シルクロード見どころマップ
アルメニア イェレヴァン
イェレヴァンは現在のアルメニア共和国の首都で人口125万人。都市としての起源は古く、今から2,800年前のエレブニ城塞の建築まで遡るとされるが、実際にはそれ以前から集落はあったようだ。しかしイェレヴァンが現在のような形になったのは、第一次大戦前後の混乱の中で、アルメニア人の手に残っためぼしい町が唯一ここだけだったという偶然によるものだ。
歴史博物館
共和国広場に面した大きな建物。古代ウラルトゥの土器から現在に至るまでの、アルメニアの歴史に関わる品々が展示されている。ハチャトゥリアン博物館
バレエ組曲『ガイーヌ』など、現代音楽にカフカスの民族的要素を大胆に取り入れた作風で知られ、旧ソ連を代表する作曲家のアラム・ハチャトゥリアン(1906-1978)の邸宅跡。マテナダラン
アルメニアの書き言葉の歴史は、5世紀のメスロプ・マシュトツによるアルメニア文字の発明まで遡る。マテナダランとは、その頃から現在に至るまでの膨大な量の古文書を収集・分析するための研究機関であり、館内ではその一部を一般向けに展示している。アルメニア北部
聖アストヴァツァツィン修道院(セヴァン)
湖に細長く突き出た半島の先の部分にある修道院で、9世紀にムスリムの支配者に対し反乱を起こしたバグラット朝の王が建てた。ハガルツィン修道院(ディリジャン)

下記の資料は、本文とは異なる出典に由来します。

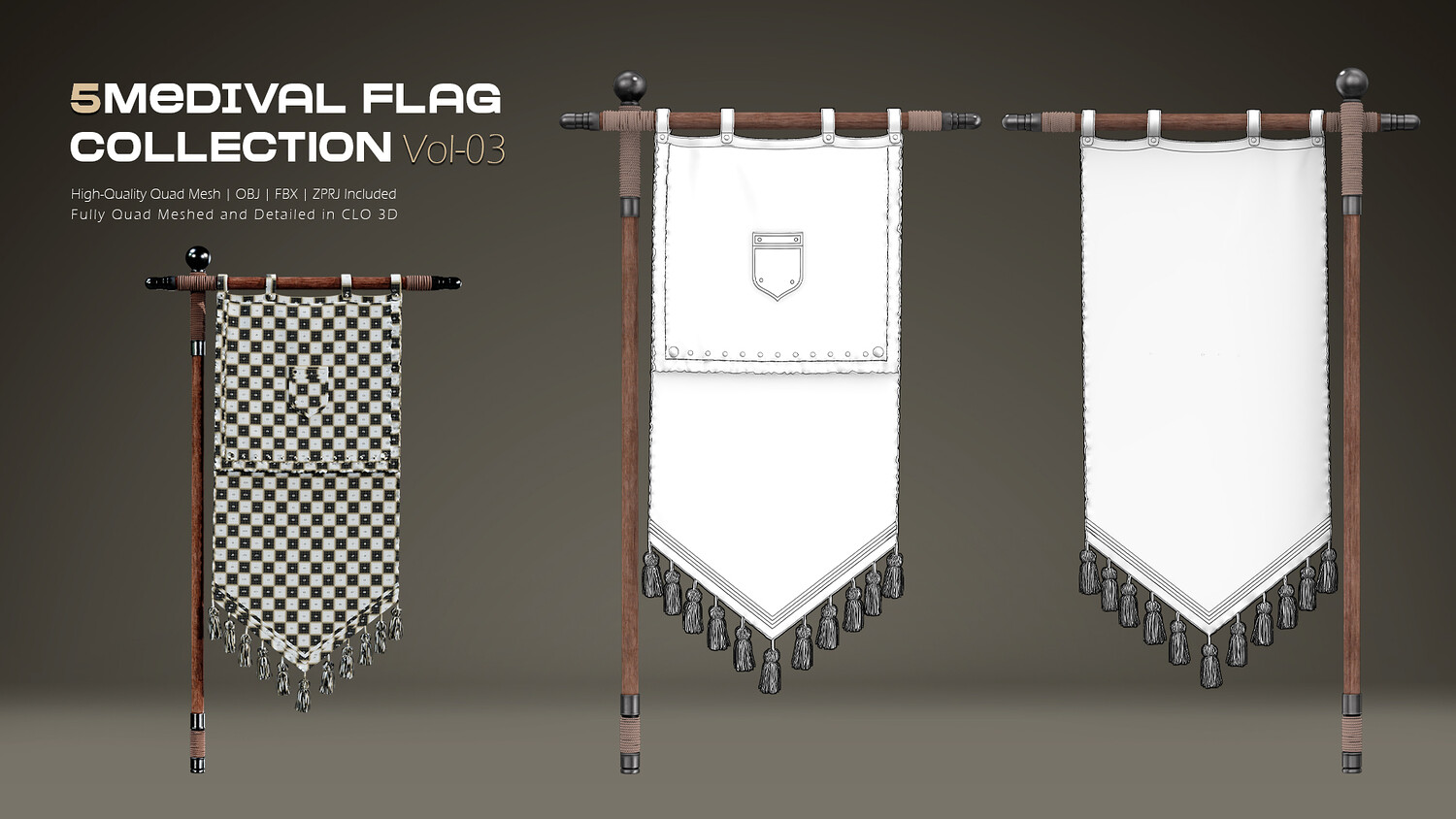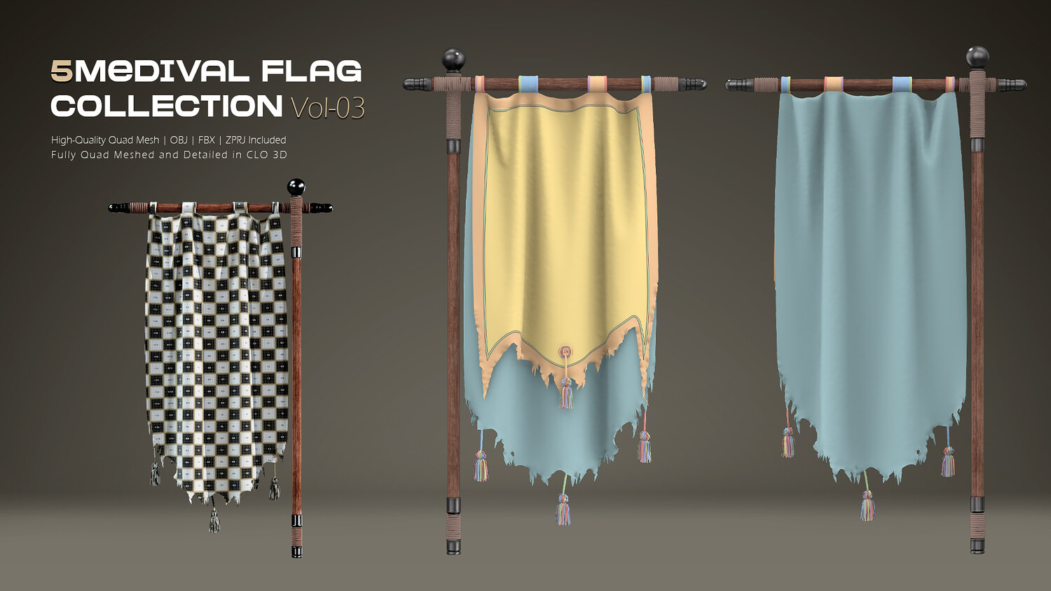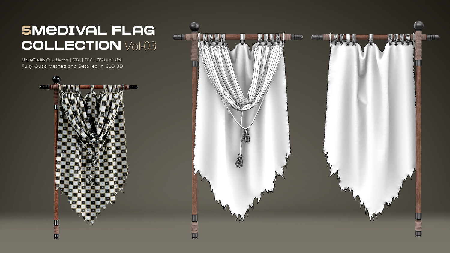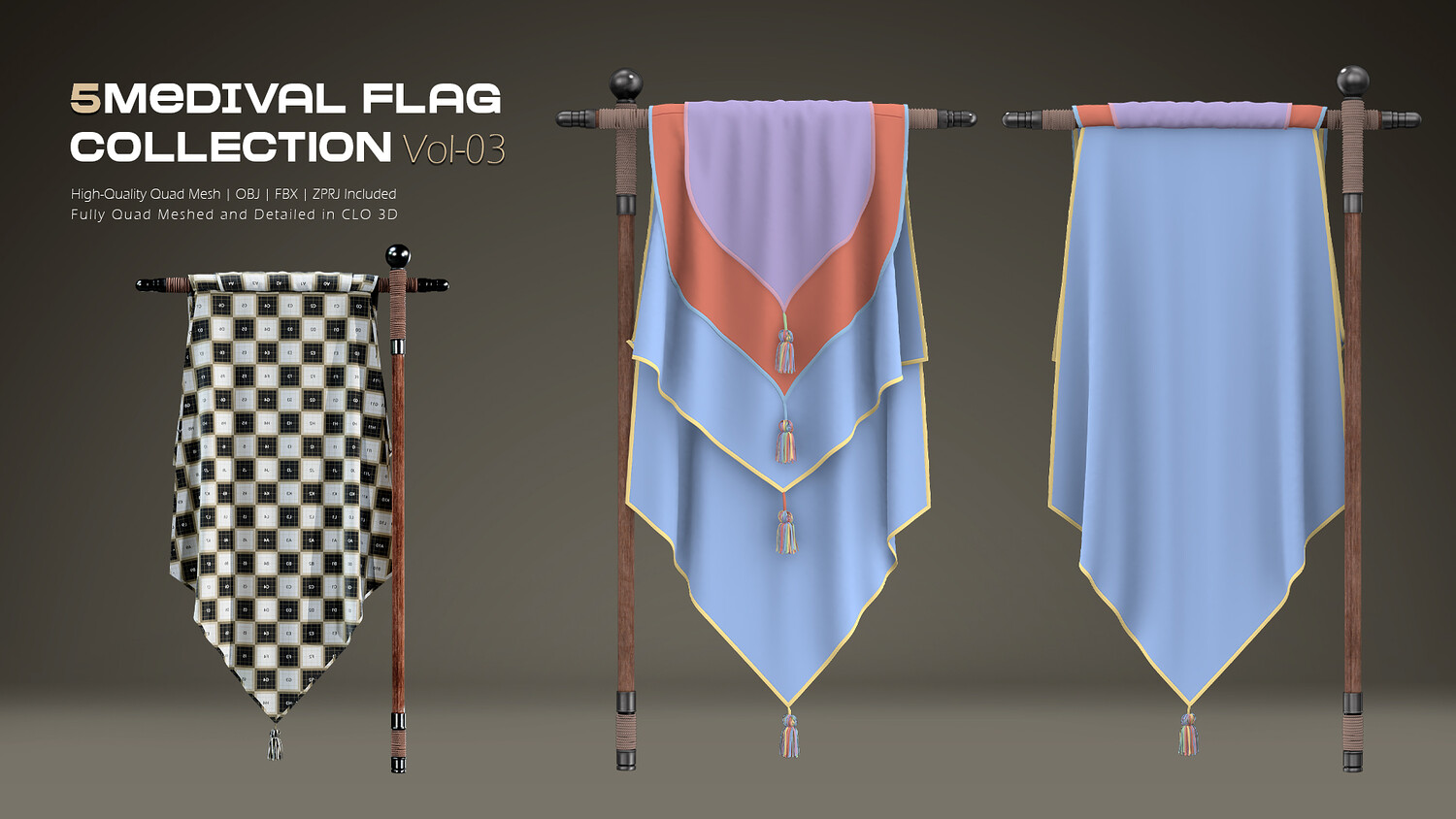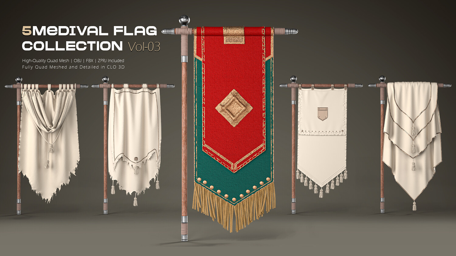 Features: Fully quad-meshed and clean topology Includes OBJ - FBX (Thick%Thin-Weld-Unweld)- ZPRJ formats Designed and detailed in CLO 3D Includes 5 unique flag styles – from worn and torn to noble and ceremonial designs Game-ready and production-optimized

パムバク山脈の森林の中にある修道院。建物はいずれも11〜13世紀の建築で、最も大きなスルブ・アストヴァツァツィン(聖母)教会(1281)、隣りのスルブ・グリゴル教会(1071)とその僧院(1248)からなる。サナヒン修道院(アラヴェルディ)
10世紀頃に建てられた修道院。当時この地域を支配していたタシル・ツォラグト朝の庇護の下で発展し、最盛期の11世紀にはハグパット修道院と合わせて約500人の修道僧がいた。13世紀のモンゴルの侵入まで、中世アルメニアにおける学芸の中心地の一つとしてその名が知られた。ナゴルノ・カラバフ
ナゴルノ・カラバフはロシア語で「山がちなカラバフ」という意味。カラバフの語源はアゼルバイジャン語の「黒い果樹園(ガラ・バグ)」で、その名の通り黒土の肥沃な土地である。住民の大半がアルメニア系であるにもかかわらず、ソ連時代はアゼルバイジャン内の自治州だった地域。
「われらの山」像
山岳地帯にすむカラバフの男女をイメージしたもので、新生ナゴルノ・カラバフ共和国のシンボルとして、国章にも使われている。ガンジャサール修道院
13世紀建立の修道院。この地域を支配していたハチェン朝のアサン・ジャラリアン王が1238年に教会部分を完成させ、その后であるマムカンにより残りの部分が完成した。